US 12,014,722 B2
	System and method for data augmentation of feature-based voice data
Dushyant Sharma, Woburn, MA (US); Patrick A. Naylor, Reading (GB); and James W. Fosburgh, Winchester, MA (US)
Assigned to Microsoft Technology Licensing, LLC, Redmond, WA (US)
Filed by Microsoft Technology Licensing, LLC, Redmond, WA (US)
Filed on Mar. 10, 2021, as Appl. No. 17/197,587.
Claims priority of provisional application 62/988,337, filed on Mar. 11, 2020.
Prior Publication US 2021/0287660 A1, Sep. 16, 2021
Int. Cl. G10L 13/02 (2013.01); G06F 3/16 (2006.01); G06N 5/02 (2023.01); G06N 20/00 (2019.01); G10K 15/08 (2006.01); G10L 13/033 (2013.01); G10L 15/02 (2006.01); G10L 15/06 (2013.01); G10L 15/065 (2013.01); G10L 21/0224 (2013.01); G10L 25/03 (2013.01); H04S 7/00 (2006.01)

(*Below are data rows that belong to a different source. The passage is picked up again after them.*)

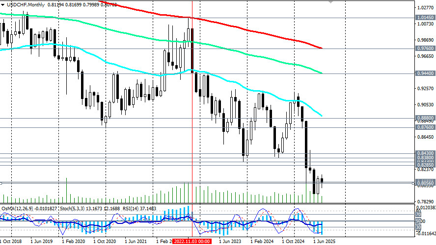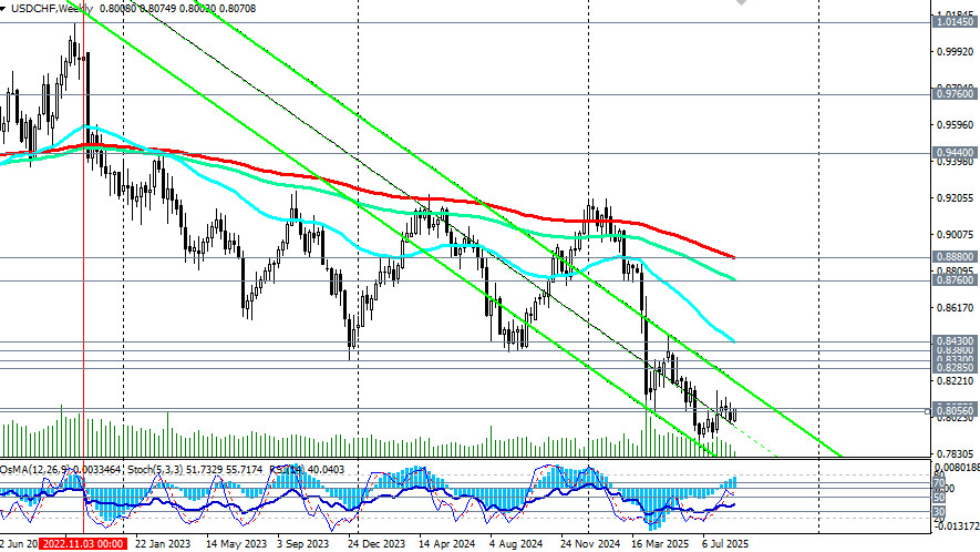 В альтернативном сценарии цена все-таки получит какой-либо сильный позитивный импульс, например, от сильных данных по ВВП США (в четверг) и американских PCE (в пятницу), пробьёт уровень сопротивления 0.8075 и возобновит рост в сторону ключевых уровней сопротивления 0.8285 (ЕМА144 на дневном графике), 0.8380 (ЕМА200 на дневном графике), отделяющих среднесрочный медвежий рынок от бычьего. Дальнейший рост и пробой уровня сопротивления 0.8430 (ЕМА50 на недельном графике) подтвердит возврат USD/CHF в зону среднесрочного бычьего рынка, создав предпосылки для дальнейшего роста в сторону ключевых долгосрочных уровней сопротивления 0.8760 (ЕМА144 на недельном графике), 0.8800, 0.8880 (ЕМА200 на недельном графике).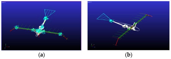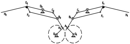 where  is the number of active components,  is the number of lower pairs, and  is the number of higher pairs. For this double-crank mechanism, the number of active components is , the number of lower pairs is , and the number of higher pairs is , resulting in a calculated degree of freedom of . Since the secondary linkage’s degree of freedom is zero, the entire system retains a degree of freedom of one, ensuring the precision and stability of the flapping mechanism’s movement. Drawing on the structural design from [] this paper integrates the inner and outer wing rods during the hinging process to achieve a more compact structure. The meticulously designed double-crank–double-rocker mechanism ensures synchronized motion and consistent flapping amplitude across both wings, significantly boosting the aircraft’s stability. This synchronized design plays a crucial role in preventing instability due to uncoordinated wing movements, while its efficient structural layout further reduces mechanical wear and energy consumption.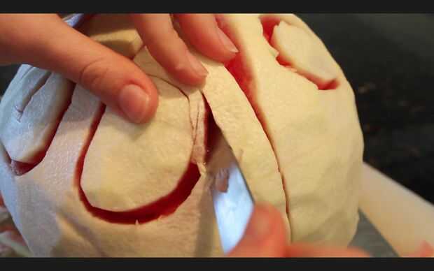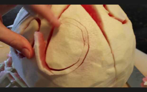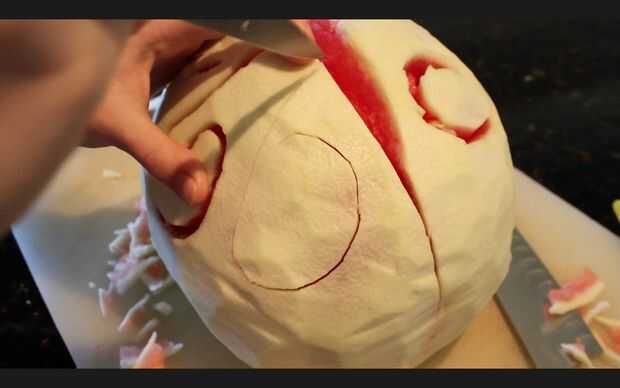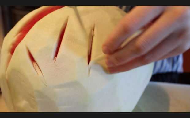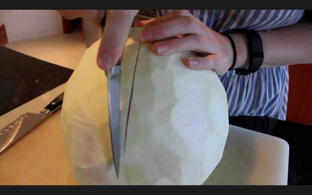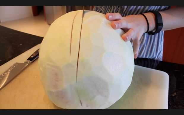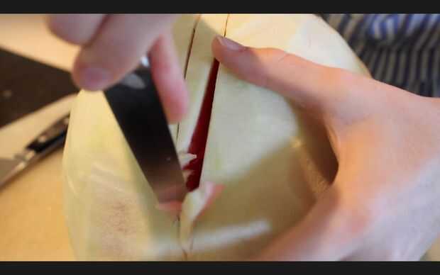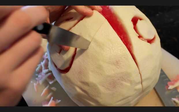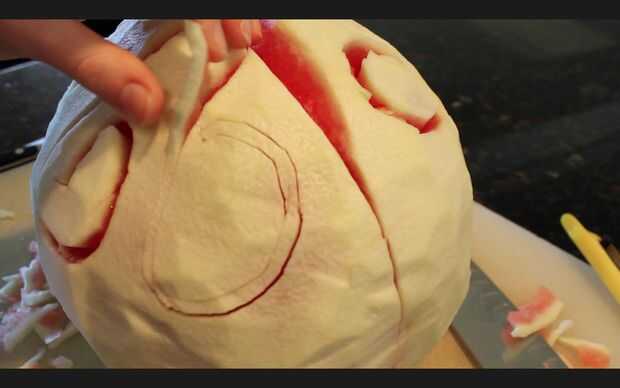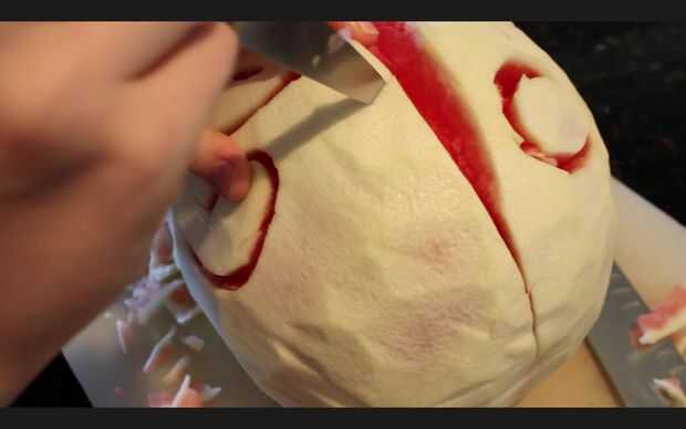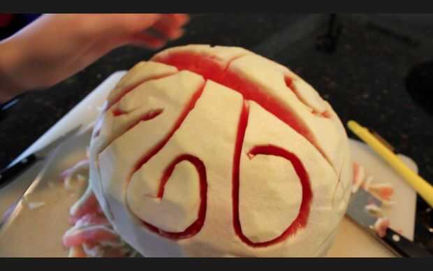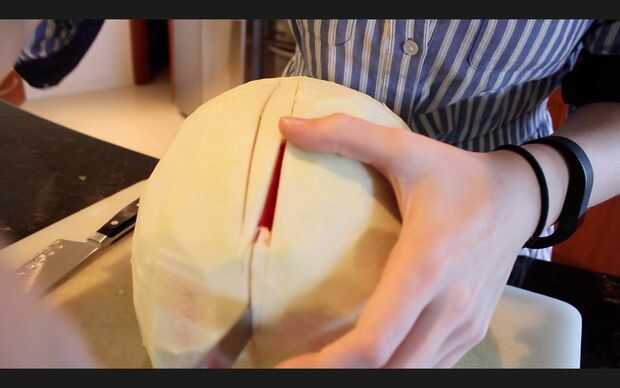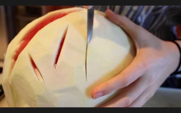 Una vez que todo el verde se ha quitado de la sandía (Frank), con su pequeño cuchillo corta ranuras poco profundas en el cerebro. Hacer el primer corte hacia abajo en el centro de la sandía para separar las mitades del cerebro.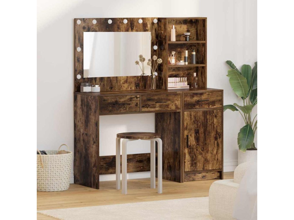 - Stavba z kompozitního dřeva: Tento toaletní stůl má robustní konstrukci z kvalitního kompozitního dřeva, známého pro svou odolnost. Hladký povrch skvěle zapadne do moderního designu a odolává vlhkosti a praskání, takže si dlouho udrží pěkný vzhled.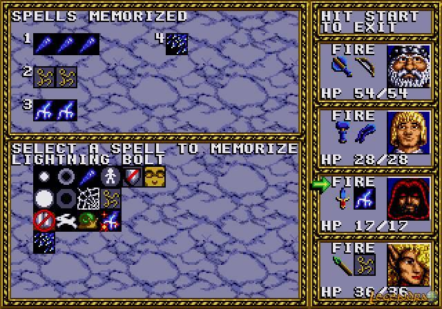 L'atmosphère si particulière des D&D se retrouve aussi au niveau des combats. Le célèbre système THACO (To Hit Armor Class Zero) est utilisé et tout est géré de façon automatique. Sans rentrer dans les détails, plusieurs facteurs (classe du personnage, niveau, armure...) entrent en jeu pour déterminer la probabilité qu'un coup atteigne sa cible. Dès les premiers affrontements on s'aperçoit que les attaques sont loin de toucher leur but à chaque fois. Du côté des magies, le système de gestion retenu est vraiment atypique. En effet, lancer des sorts ne vous coûtera pas de points de magie mais en contrepartie ils ne pourront être utilisés qu'un certain nombre de fois. Pour pouvoir les recharger, il faudra obligatoirement vous reposer. Ces phases de repos seront donc des étapes essentielles durant votre aventure. Premièrement, les magiciens ainsi que les elfes pourront inscrire dans leur grimoire (si leur niveau le leur permet) les parchemins récupérés durant leur périple. De plus, vous pourrez recharger les sorts des mages et ecclésiastique en sélectionnant dans leur liste un certain nombre d'entre eux afin qu'ils les mémorisent pour la suite de l'aventure. Cette trêve sera aussi l'occasion de régénérer les points de vie des personnages de votre équipe. Un peu de tactique...Lors de l'exploration de la carte, vous dirigerez votre groupe en vue du dessus. Lorsque vous ferez face à un habitant ou un objet, vous interagirez automatiquement avec lui. Ces phases d'exploration vous seront primordiales pour partir à la découverte des lieux intéressants tels que les donjons et les cavernes.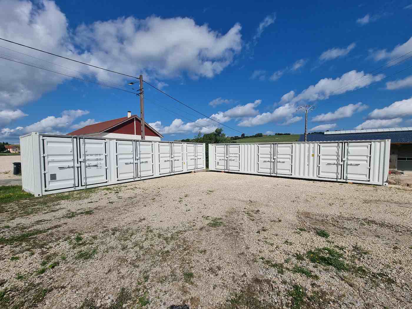 - Containers maritimes 20 et 40 pieds (14m² / 28m²)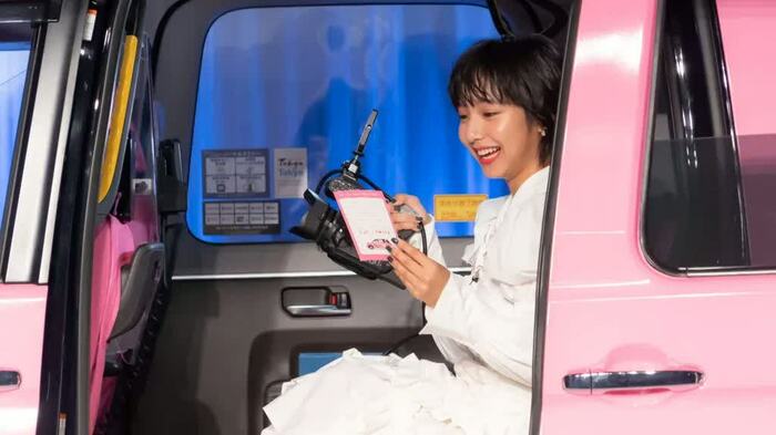 乗車式では、TWICEメンバーの写真がラッピングされたピンクの特別タクシーもお披露目。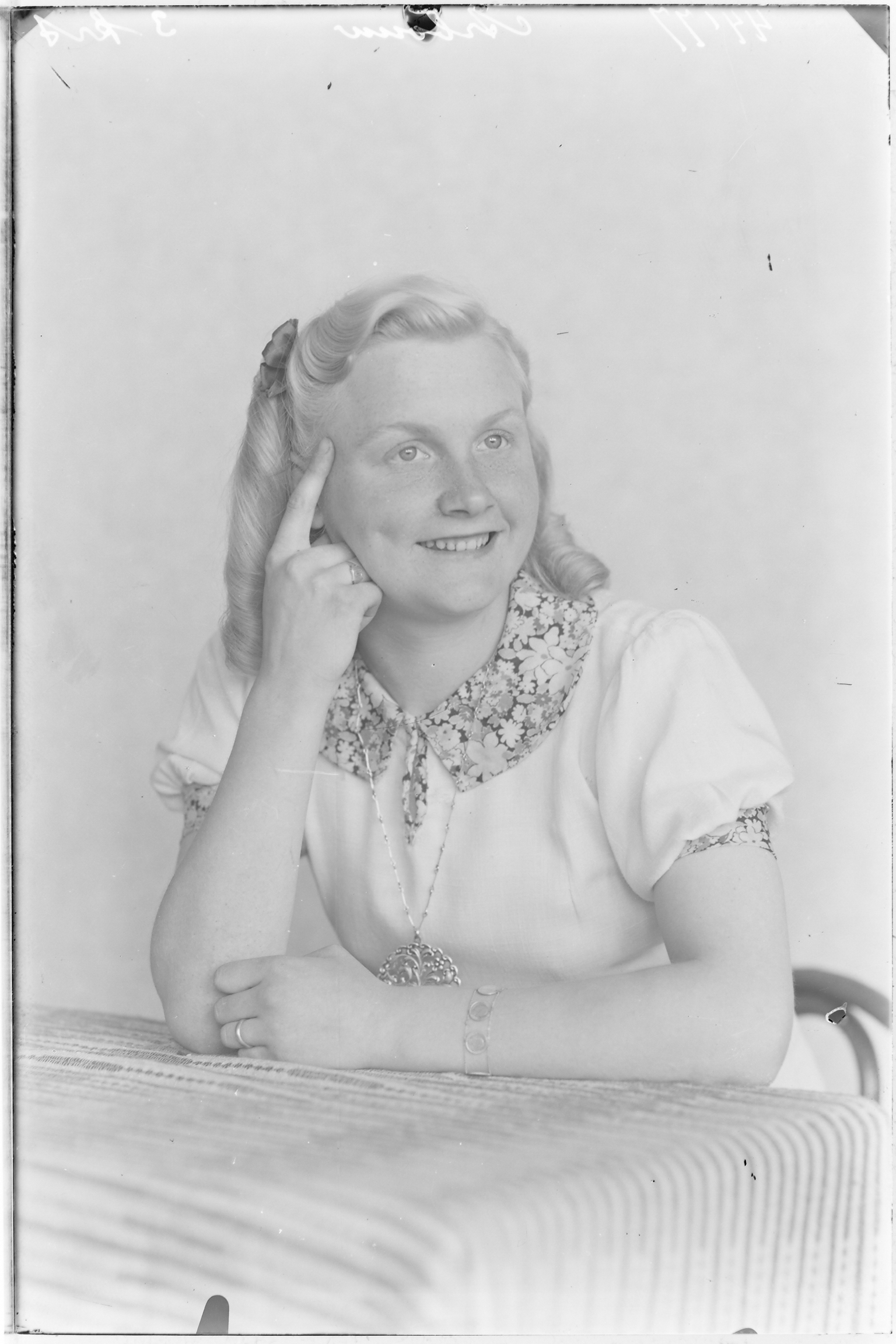zittende blonde vrouw (gebloemde kraag, witte blouse, ketting met hanger) ---- juli 1945 fotonummer 44177 Arbouw Javastraat [bron: www.dordtenaZOEKer.nl] ---- WONINGKAART 1938 Javastraat 32rd Johan P. Arbouw /// 1940 Javastraat 21rd Pieter C. Arbouw

CPC G10L 13/02 (2013.01) [G06F 3/165 (2013.01); G06N 5/02 (2013.01); G06N 20/00 (2019.01); G10K 15/08 (2013.01); G10L 13/033 (2013.01); G10L 15/02 (2013.01); G10L 15/063 (2013.01); G10L 15/065 (2013.01); G10L 21/0224 (2013.01); G10L 25/03 (2013.01); H04S 7/30 (2013.01); H04S 7/302 (2013.01); H04S 7/303 (2013.01)]

20 Claims

1. A computer-implemented method, executed on a computing device, comprising:

receiving feature-based voice data associated with a first acoustic domain, wherein the feature-based voice data is converted from a signal in the first acoustic domain to a feature domain;

performing one or more gain-based augmentations on at least a portion of the feature-based voice data converted from the signal in the first acoustic domain to the feature domain, thus defining gain-augmented feature-based voice data;

receiving a selection of a target acoustic domain;

determining a distribution of gain levels from training data associated with the target acoustic domain varies over time for one or more of particular frequencies and particular frequency bands;

mapping the gain-augmented feature-based voice data from the first acoustic domain to the target acoustic domain, and

training a speech processing system for the target acoustic domain based on the gain-augmented feature-based voiced data mapped from the first acoustic domain to the target acoustic domain.